Recorded data
**********

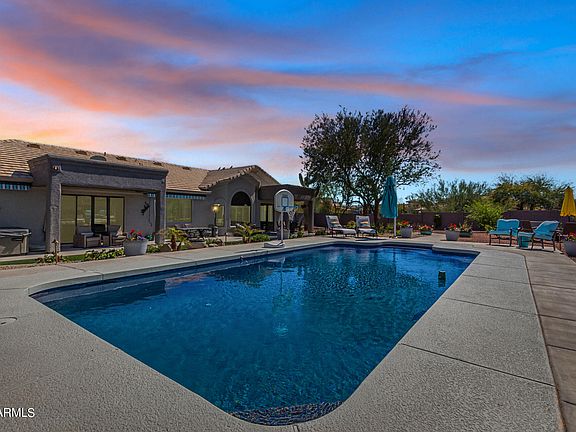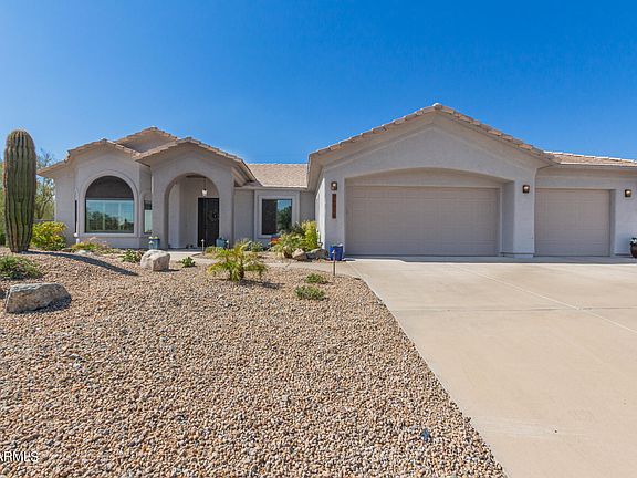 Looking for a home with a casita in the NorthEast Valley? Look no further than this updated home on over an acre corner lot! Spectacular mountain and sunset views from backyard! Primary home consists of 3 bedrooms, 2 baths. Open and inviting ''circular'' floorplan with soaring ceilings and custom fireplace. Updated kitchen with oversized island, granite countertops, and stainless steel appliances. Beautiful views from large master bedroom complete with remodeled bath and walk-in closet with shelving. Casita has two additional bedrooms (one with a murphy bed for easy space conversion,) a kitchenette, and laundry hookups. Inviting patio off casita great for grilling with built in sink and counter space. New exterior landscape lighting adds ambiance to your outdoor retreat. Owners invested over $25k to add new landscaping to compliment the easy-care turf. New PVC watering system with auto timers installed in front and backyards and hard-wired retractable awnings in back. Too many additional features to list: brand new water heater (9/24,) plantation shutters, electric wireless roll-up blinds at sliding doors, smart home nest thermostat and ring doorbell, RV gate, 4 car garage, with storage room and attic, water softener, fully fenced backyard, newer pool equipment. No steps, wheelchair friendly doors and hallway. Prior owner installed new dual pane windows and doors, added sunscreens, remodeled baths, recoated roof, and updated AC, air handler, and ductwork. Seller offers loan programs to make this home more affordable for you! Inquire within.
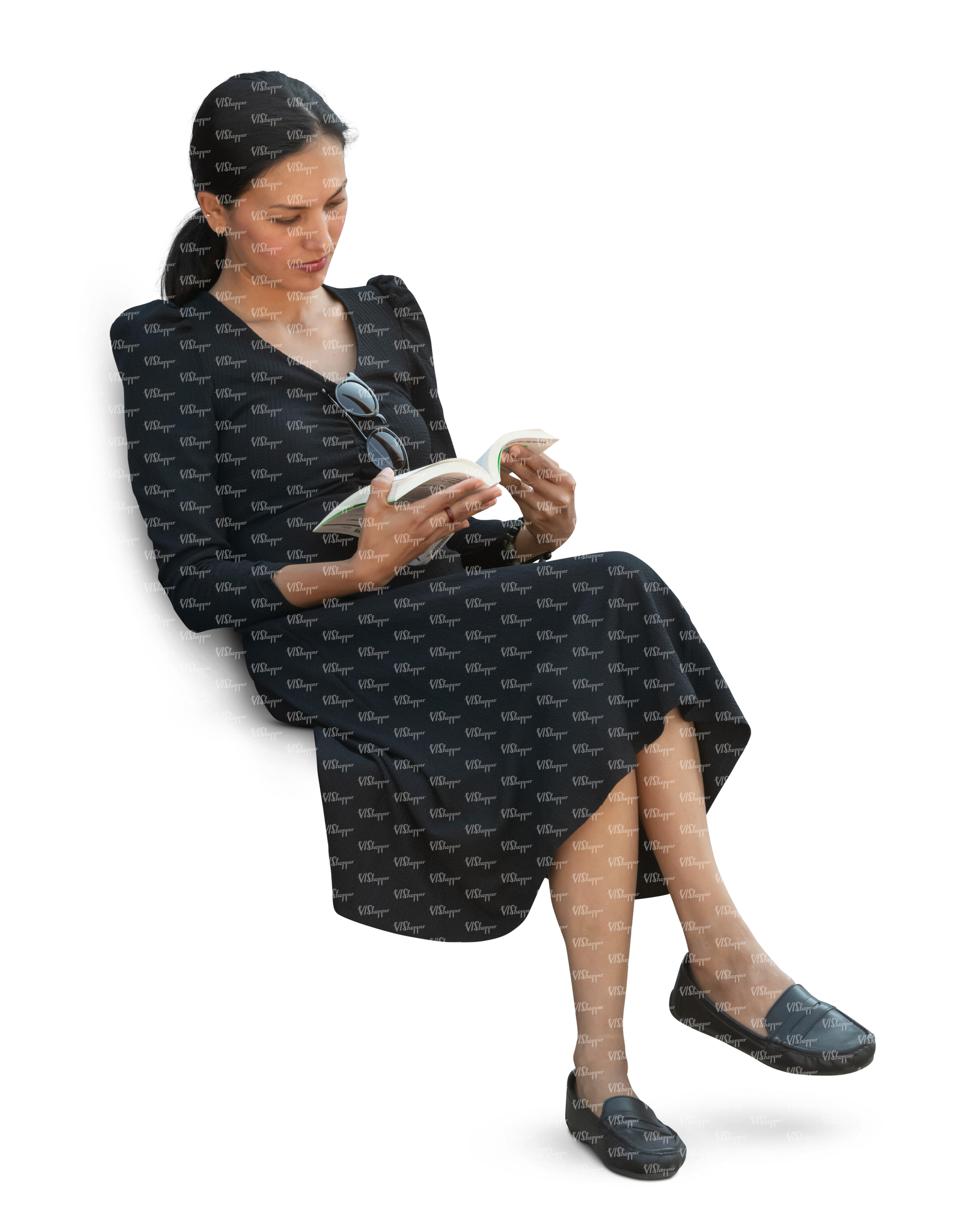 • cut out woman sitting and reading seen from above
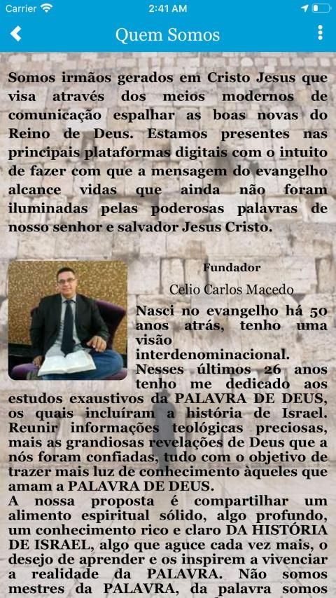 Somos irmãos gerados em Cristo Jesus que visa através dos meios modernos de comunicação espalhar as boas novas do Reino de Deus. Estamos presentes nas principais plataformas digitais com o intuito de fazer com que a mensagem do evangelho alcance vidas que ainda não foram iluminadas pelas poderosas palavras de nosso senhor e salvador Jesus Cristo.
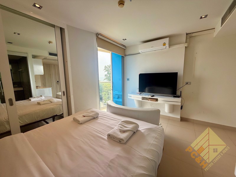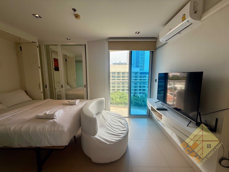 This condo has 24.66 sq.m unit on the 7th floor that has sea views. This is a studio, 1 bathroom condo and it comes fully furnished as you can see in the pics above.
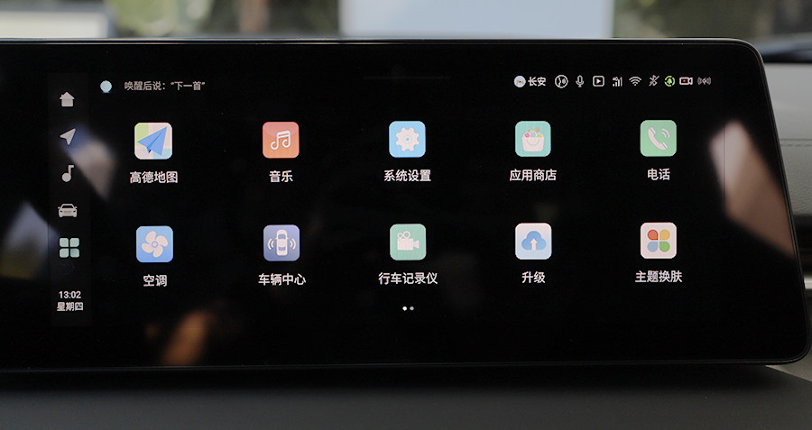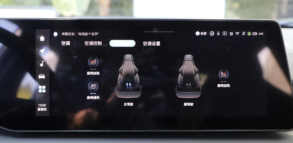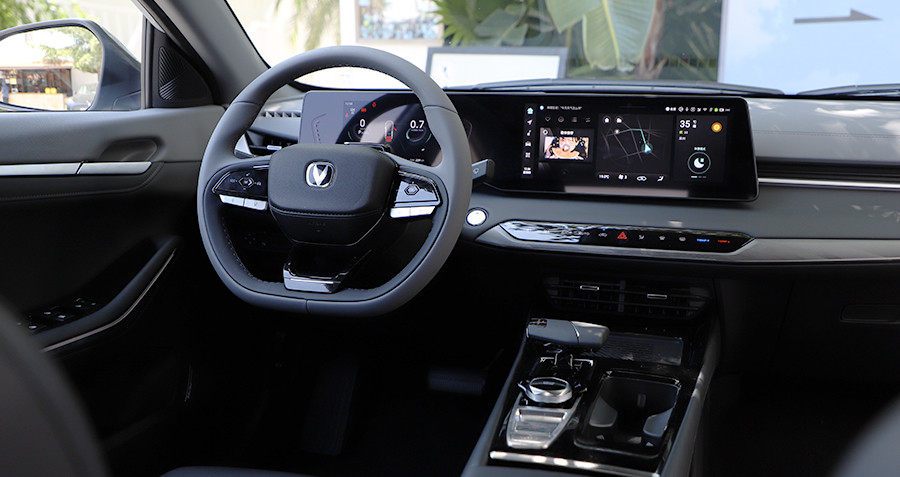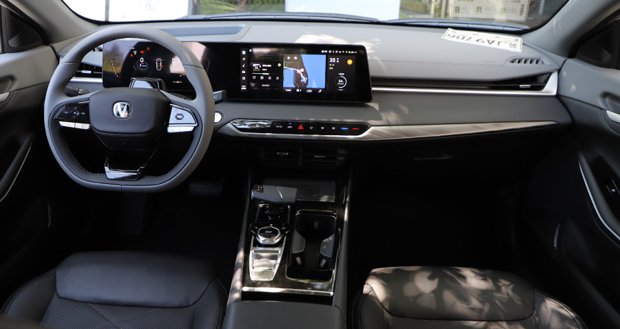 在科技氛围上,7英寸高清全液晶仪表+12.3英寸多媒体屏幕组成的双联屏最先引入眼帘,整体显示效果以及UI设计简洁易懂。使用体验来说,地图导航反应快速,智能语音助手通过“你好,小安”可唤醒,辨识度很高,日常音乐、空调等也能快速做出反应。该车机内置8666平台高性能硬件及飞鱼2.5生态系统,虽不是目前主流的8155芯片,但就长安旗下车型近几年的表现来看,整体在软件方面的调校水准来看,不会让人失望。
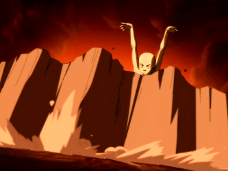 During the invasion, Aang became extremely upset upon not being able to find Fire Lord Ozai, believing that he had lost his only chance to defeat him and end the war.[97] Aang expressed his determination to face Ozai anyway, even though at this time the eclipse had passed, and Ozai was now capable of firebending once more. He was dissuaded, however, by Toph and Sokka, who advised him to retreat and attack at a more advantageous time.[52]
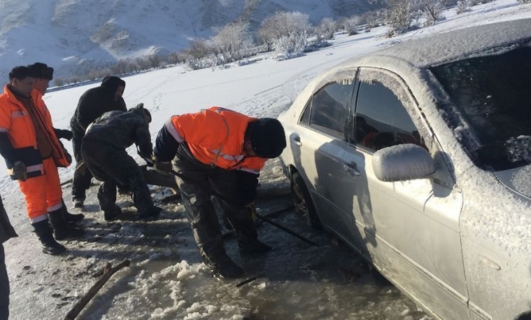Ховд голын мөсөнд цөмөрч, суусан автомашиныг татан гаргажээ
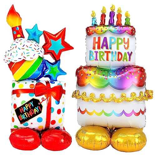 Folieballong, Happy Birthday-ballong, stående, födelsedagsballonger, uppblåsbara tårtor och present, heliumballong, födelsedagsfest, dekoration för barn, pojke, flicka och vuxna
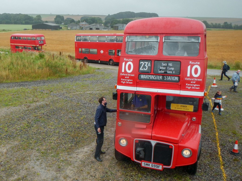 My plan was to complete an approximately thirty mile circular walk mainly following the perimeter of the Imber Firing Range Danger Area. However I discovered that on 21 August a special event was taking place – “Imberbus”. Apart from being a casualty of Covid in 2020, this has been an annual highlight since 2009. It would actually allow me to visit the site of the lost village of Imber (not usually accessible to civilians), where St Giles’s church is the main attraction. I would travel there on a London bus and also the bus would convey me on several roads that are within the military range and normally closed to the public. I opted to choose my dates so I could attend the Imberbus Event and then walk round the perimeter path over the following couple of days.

**********

Restate each line above exactly, keeping pictures out.

● WRITTEN REPLY
 Looking for a home with a casita in the NorthEast Valley? Look no further than this updated home on over an acre corner lot! Spectacular mountain and sunset views from backyard! Primary home consists of 3 bedrooms, 2 baths. Open and inviting ''circular'' floorplan with soaring ceilings and custom fireplace. Updated kitchen with oversized island, granite countertops, and stainless steel appliances. Beautiful views from large master bedroom complete with remodeled bath and walk-in closet with shelving. Casita has two additional bedrooms (one with a murphy bed for easy space conversion,) a kitchenette, and laundry hookups. Inviting patio off casita great for grilling with built in sink and counter space. New exterior landscape lighting adds ambiance to your outdoor retreat. Owners invested over $25k to add new landscaping to compliment the easy-care turf. New PVC watering system with auto timers installed in front and backyards and hard-wired retractable awnings in back. Too many additional features to list: brand new water heater (9/24,) plantation shutters, electric wireless roll-up blinds at sliding doors, smart home nest thermostat and ring doorbell, RV gate, 4 car garage, with storage room and attic, water softener, fully fenced backyard, newer pool equipment. No steps, wheelchair friendly doors and hallway. Prior owner installed new dual pane windows and doors, added sunscreens, remodeled baths, recoated roof, and updated AC, air handler, and ductwork. Seller offers loan programs to make this home more affordable for you! Inquire within.
 • cut out woman sitting and reading seen from above
 Somos irmãos gerados em Cristo Jesus que visa através dos meios modernos de comunicação espalhar as boas novas do Reino de Deus. Estamos presentes nas principais plataformas digitais com o intuito de fazer com que a mensagem do evangelho alcance vidas que ainda não foram iluminadas pelas poderosas palavras de nosso senhor e salvador Jesus Cristo.
 This condo has 24.66 sq.m unit on the 7th floor that has sea views. This is a studio, 1 bathroom condo and it comes fully furnished as you can see in the pics above.
 在科技氛围上,7英寸高清全液晶仪表+12.3英寸多媒体屏幕组成的双联屏最先引入眼帘,整体显示效果以及UI设计简洁易懂。使用体验来说,地图导航反应快速,智能语音助手通过“你好,小安”可唤醒,辨识度很高,日常音乐、空调等也能快速做出反应。该车机内置8666平台高性能硬件及飞鱼2.5生态系统,虽不是目前主流的8155芯片,但就长安旗下车型近几年的表现来看,整体在软件方面的调校水准来看,不会让人失望。
 During the invasion, Aang became extremely upset upon not being able to find Fire Lord Ozai, believing that he had lost his only chance to defeat him and end the war.[97] Aang expressed his determination to face Ozai anyway, even though at this time the eclipse had passed, and Ozai was now capable of firebending once more. He was dissuaded, however, by Toph and Sokka, who advised him to retreat and attack at a more advantageous time.[52]
Ховд голын мөсөнд цөмөрч, суусан автомашиныг татан гаргажээ
 Folieballong, Happy Birthday-ballong, stående, födelsedagsballonger, uppblåsbara tårtor och present, heliumballong, födelsedagsfest, dekoration för barn, pojke, flicka och vuxna
 My plan was to complete an approximately thirty mile circular walk mainly following the perimeter of the Imber Firing Range Danger Area. However I discovered that on 21 August a special event was taking place – “Imberbus”. Apart from being a casualty of Covid in 2020, this has been an annual highlight since 2009. It would actually allow me to visit the site of the lost village of Imber (not usually accessible to civilians), where St Giles’s church is the main attraction. I would travel there on a London bus and also the bus would convey me on several roads that are within the military range and normally closed to the public. I opted to choose my dates so I could attend the Imberbus Event and then walk round the perimeter path over the following couple of days.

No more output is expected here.